Legal basis and covered amendment
- Section 1 amends Article 39 of Act No. 3815, as amended, governing subsidiary penalty.
- Article 39 establishes rules for subsidiary personal liability when a convict has no property to pay the fine fixed in the next preceding article (Article 39).
Policy or purpose
- Republic Act No. 10159 does not declare a separate policy or purpose beyond amending the subsidiary penalty rules in Article 39 (Section 1).
Core definition: subsidiary penalty mechanics
- Article 39 provides that if the convict has no property to meet the fine mentioned in paragraph 3 of the next preceding article, the convict is subject to subsidiary personal liability (Article 39).

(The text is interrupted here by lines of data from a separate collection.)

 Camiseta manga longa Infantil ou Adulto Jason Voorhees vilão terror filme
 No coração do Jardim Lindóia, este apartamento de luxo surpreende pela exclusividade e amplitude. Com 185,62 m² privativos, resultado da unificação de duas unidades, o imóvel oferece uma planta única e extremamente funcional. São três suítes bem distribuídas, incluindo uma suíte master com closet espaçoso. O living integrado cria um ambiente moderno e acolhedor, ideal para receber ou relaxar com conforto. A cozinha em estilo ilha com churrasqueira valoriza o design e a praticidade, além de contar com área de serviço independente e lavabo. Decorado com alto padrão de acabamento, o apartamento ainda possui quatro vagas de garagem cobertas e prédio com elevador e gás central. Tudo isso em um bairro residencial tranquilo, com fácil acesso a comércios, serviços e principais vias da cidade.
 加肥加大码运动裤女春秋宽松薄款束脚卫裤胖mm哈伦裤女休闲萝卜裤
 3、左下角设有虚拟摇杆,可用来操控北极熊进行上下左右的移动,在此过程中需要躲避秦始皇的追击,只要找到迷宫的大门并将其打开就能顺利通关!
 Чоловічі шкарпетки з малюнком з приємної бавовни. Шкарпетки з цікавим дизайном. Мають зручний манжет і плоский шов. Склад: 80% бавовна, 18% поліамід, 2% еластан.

- The subsidiary personal liability is computed at the rate of one day for each amount equivalent to the highest minimum wage rate prevailing in the Philippines at the time of the rendition of judgment of conviction by the trial court (Article 39).

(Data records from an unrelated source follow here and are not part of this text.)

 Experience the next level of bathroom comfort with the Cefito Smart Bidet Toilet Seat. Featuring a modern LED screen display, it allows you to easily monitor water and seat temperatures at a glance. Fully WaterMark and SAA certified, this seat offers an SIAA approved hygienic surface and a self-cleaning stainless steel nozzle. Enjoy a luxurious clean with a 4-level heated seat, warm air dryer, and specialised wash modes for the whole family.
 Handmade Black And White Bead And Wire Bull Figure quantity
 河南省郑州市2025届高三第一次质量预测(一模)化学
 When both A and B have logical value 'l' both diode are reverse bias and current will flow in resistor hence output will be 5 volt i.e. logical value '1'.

When subsidiary imprisonment applies
- Subsidiary liability applies only when the convict has no property to meet the fine referred to in paragraph 3 of the next preceding article (Article 39).

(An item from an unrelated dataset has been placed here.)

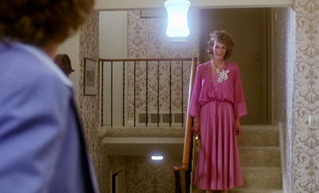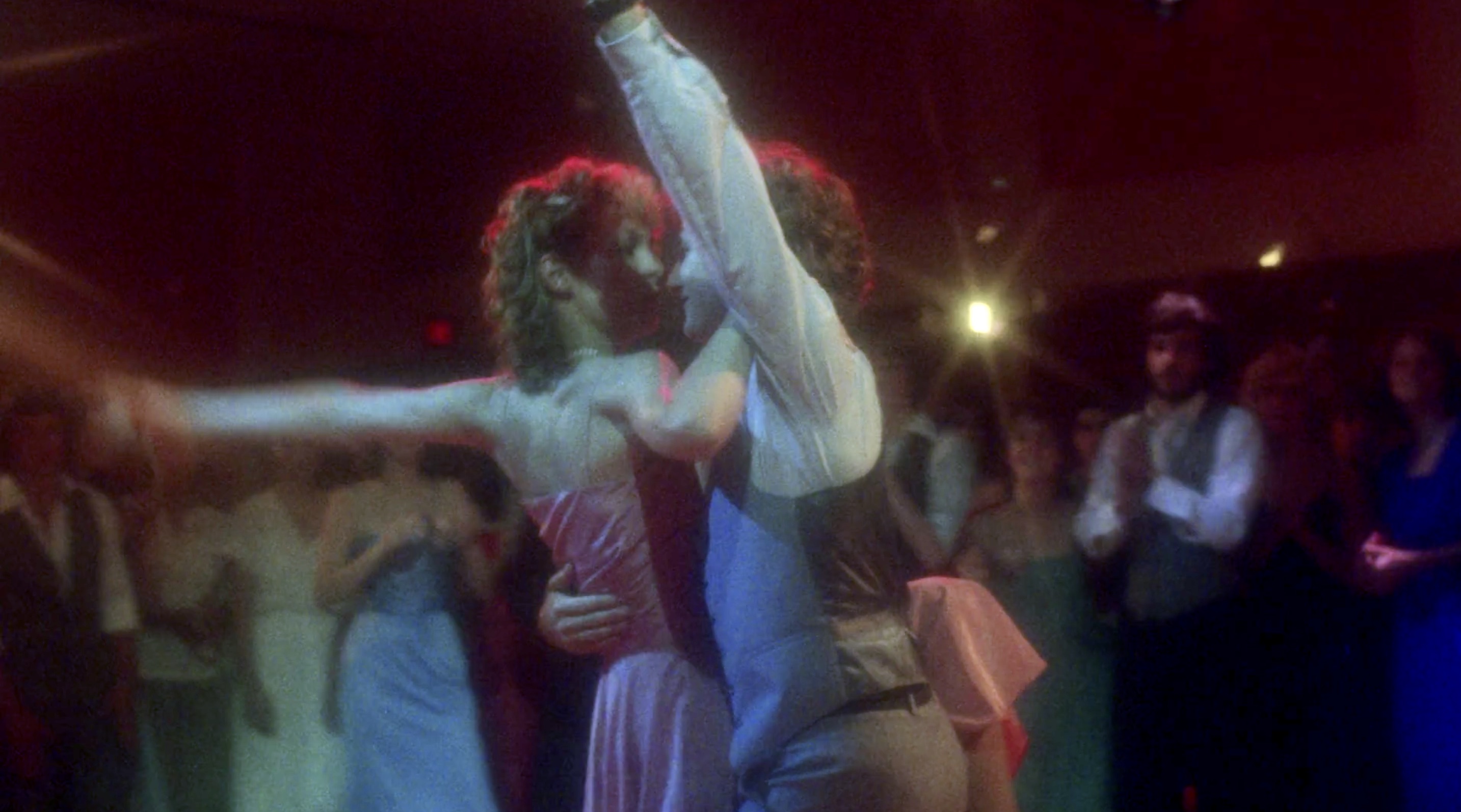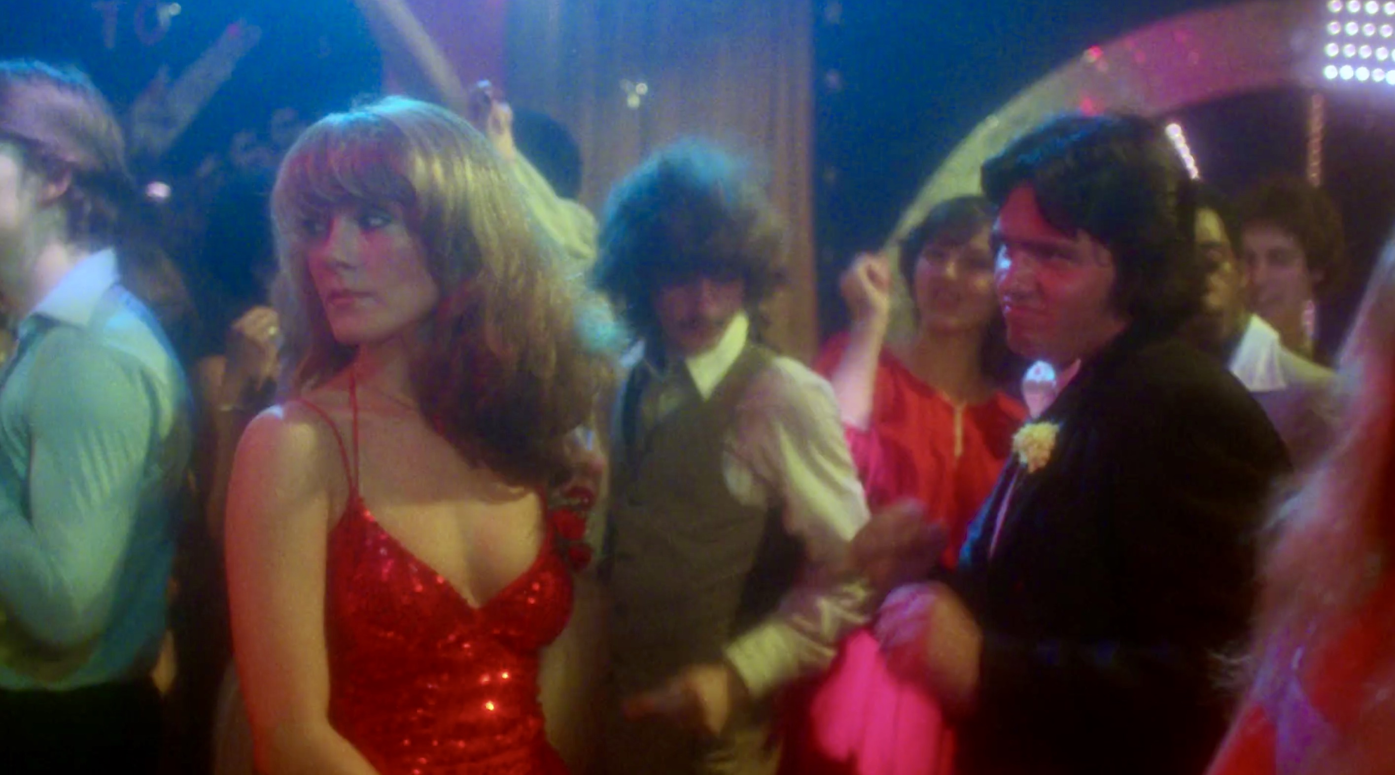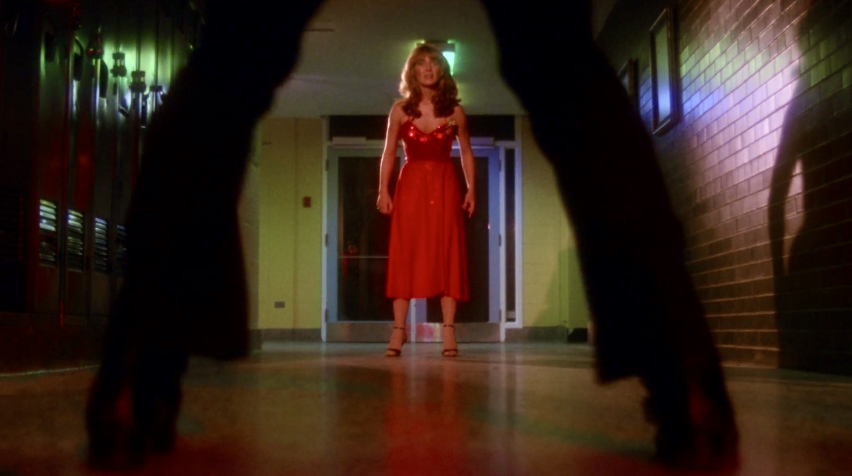 Some might call the original PROM NIGHT boring, but I think there’s much to love about it, the “Disco Madness” prom theme, in particular. The dance takes place at the beginning of the 1980s, just as the disco era ends. Satin and polyester dominate in the form of clingy gowns and three-piece suits. Everyone wears a corsage or boutonniere, even the police assigned to security. This attention to detail makes me appreciate this film so much. Everyone looks like they’re having a good time (until they’re not). There’s even a dance sequence featuring Kim (Jamie Lee Curtis) and her boyfriend, Nick (Casey Stevens).

- If the principal penalty includes prision correccional or arresto and fine, the convict remains under confinement until the fine is satisfied, subject to caps (Article 39, par. 1).
- If the principal penalty is only a fine, subsidiary imprisonment is capped depending on the felony classification (Article 39, par. 2).
- If the principal penalty is higher than prision correccional, no subsidiary imprisonment is imposed (Article 39, par. 3).
- If the principal penalty is not to be executed by confinement in a penal institution but is of fixed duration, the convict continues to suffer the same deprivations during the period governed by the preceding rules (Article 39, par. 4).
Rates, limits, and day-counting rules
- For prision correccional or arresto plus fine, subsidiary imprisonment shall not exceed one-third of the term of the sentence (Article 39, par. 1).
- For prision correccional or arresto plus fine, subsidiary imprisonment shall not continue for more than one year (Article 39, par. 1).
- For prision correccional or arresto plus fine, no fraction or part of a day is counted against the prisoner (Article 39, par. 1).
Subsidiary limits when principal is only a fine
- If the principal penalty is only a fine, subsidiary imprisonment shall not exceed six months when the culprit is prosecuted for a grave or less grave felony (Article 39, par. 2).
- If the principal penalty is only a fine, subsidiary imprisonment shall not exceed fifteen days when the culprit is prosecuted for a light felony (Article 39, par. 2).
- The caps above apply only when the principal penalty imposed is only a fine (Article 39, par. 2).
No subsidiary imprisonment for certain principal penalties
- When the principal penalty imposed is higher than prision correccional, no subsidiary imprisonment is imposed upon the culprit (Article 39, par. 3).
Effect when principal penalty isn’t executed by confinement
- When the principal penalty is not to be executed by confinement in a penal institution and is of fixed duration, the convict continues to suffer the same deprivations during the period established under the subsidiary penalty rules (Article 39, par. 4).
Effect of later improvement of finances
- The subsidiary personal liability suffered due to insolvency does not relieve the convict from the fine if the convict’s financial circumstances should improve (Article 39, par. 5).
Connection to prior amendment
- Article 39 notes that it was amended by Republic Act No. 5465, which lapsed into law on April 21, 1969 (Article 39).
Separability
- Section 2 provides that if any provision or part of Republic Act No. 10159 is held invalid or unconstitutional, the remainder of the law or the provision not otherwise affected remains valid and subsisting (Section 2).
Repealing clause
- Section 3 provides that all laws, presidential decrees or issuances, executive orders, letters of instruction, administrative orders, or rules and regulations inconsistent with Republic Act No. 10159 are deemed repealed, amended, or modified accordingly (Section 3).
Legislative approval dates
- Republic Act No. 10159 was finally passed by the Senate on May 23, 2011 and by the House of Representatives on January 30, 2012 (final passage dates).
- Republic Act No. 10159 was approved on April 10, 2012 (approval date).